### Required work
In the records that follow, find each line with the word "para" and copy it.
━━━ Records
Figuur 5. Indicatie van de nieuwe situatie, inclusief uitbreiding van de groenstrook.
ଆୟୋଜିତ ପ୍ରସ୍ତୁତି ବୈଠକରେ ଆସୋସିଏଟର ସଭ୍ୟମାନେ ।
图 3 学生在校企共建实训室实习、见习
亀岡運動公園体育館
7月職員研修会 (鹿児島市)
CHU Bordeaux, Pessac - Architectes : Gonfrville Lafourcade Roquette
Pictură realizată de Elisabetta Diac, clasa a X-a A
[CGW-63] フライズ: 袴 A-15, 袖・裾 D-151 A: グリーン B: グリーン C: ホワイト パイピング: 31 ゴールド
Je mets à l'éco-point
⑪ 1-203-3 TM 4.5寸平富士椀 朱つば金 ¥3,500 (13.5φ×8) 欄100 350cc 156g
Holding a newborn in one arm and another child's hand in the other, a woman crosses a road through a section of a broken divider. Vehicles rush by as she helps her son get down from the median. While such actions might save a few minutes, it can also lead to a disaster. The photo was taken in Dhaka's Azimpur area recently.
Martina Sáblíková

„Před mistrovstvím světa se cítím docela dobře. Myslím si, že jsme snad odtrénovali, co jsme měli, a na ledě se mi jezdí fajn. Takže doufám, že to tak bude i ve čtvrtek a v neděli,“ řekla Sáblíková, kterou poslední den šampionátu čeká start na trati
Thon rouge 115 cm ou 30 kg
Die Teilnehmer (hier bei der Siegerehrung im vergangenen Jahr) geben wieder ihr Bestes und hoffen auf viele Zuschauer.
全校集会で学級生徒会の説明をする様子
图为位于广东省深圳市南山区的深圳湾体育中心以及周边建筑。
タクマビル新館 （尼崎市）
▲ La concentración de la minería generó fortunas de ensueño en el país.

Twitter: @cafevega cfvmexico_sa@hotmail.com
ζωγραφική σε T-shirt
━━━━━━
━━━ Records
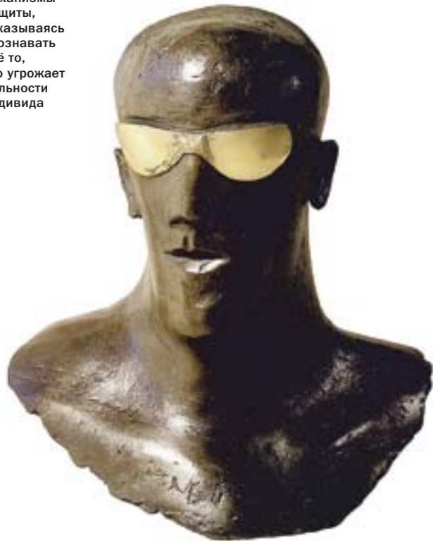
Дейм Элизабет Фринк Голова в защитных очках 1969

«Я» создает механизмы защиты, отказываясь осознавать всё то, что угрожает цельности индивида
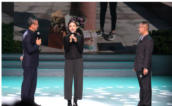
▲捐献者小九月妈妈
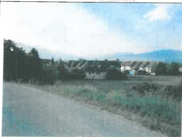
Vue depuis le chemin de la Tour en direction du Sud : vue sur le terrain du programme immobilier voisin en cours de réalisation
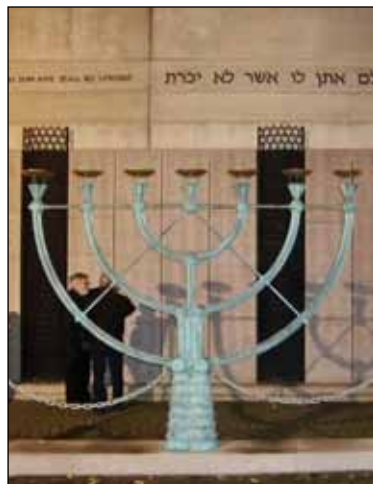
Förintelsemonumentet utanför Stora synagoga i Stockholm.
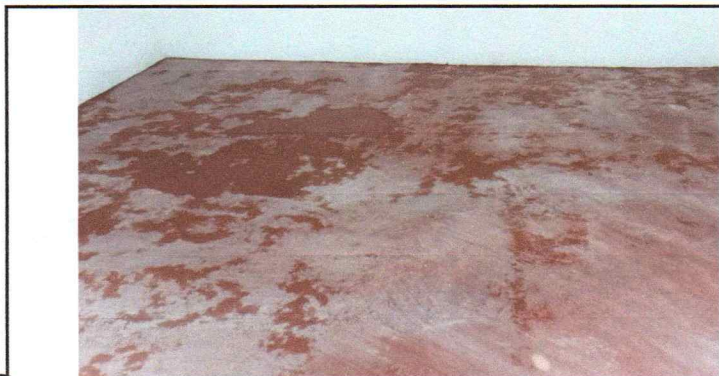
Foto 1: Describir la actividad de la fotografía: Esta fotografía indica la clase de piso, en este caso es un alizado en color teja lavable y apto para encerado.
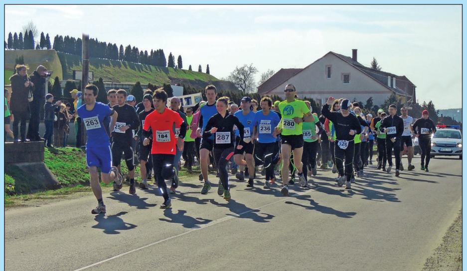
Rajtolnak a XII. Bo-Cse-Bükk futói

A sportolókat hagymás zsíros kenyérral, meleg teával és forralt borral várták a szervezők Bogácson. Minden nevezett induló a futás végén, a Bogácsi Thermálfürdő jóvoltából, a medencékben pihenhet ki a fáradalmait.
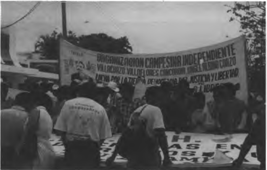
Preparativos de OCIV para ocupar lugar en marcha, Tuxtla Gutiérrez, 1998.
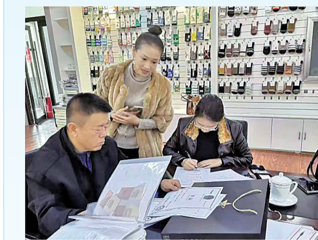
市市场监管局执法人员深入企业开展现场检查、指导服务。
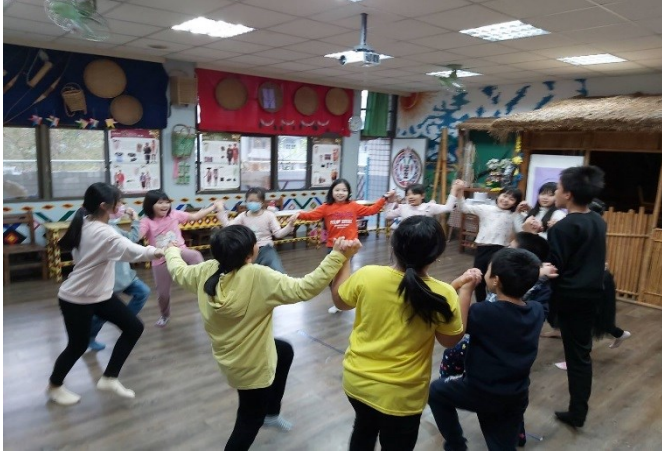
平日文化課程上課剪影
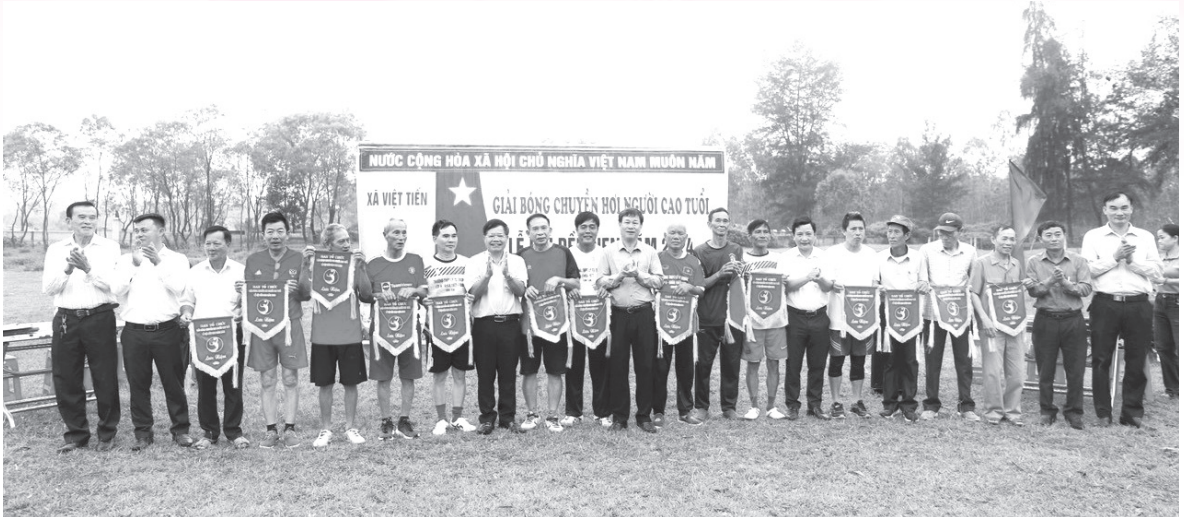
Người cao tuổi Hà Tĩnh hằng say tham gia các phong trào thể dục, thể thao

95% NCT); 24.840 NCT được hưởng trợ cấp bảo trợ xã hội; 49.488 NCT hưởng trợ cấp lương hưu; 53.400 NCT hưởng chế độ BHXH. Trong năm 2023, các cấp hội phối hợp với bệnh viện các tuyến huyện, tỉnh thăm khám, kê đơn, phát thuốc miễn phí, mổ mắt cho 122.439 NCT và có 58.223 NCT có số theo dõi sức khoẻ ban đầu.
━━━━━━
### Task output
Foto 1: Describir la actividad de la fotografía: Esta fotografía indica la clase de piso, en este caso es un alizado en color teja lavable y apto para encerado.
Preparativos de OCIV para ocupar lugar en marcha, Tuxtla Gutiérrez, 1998.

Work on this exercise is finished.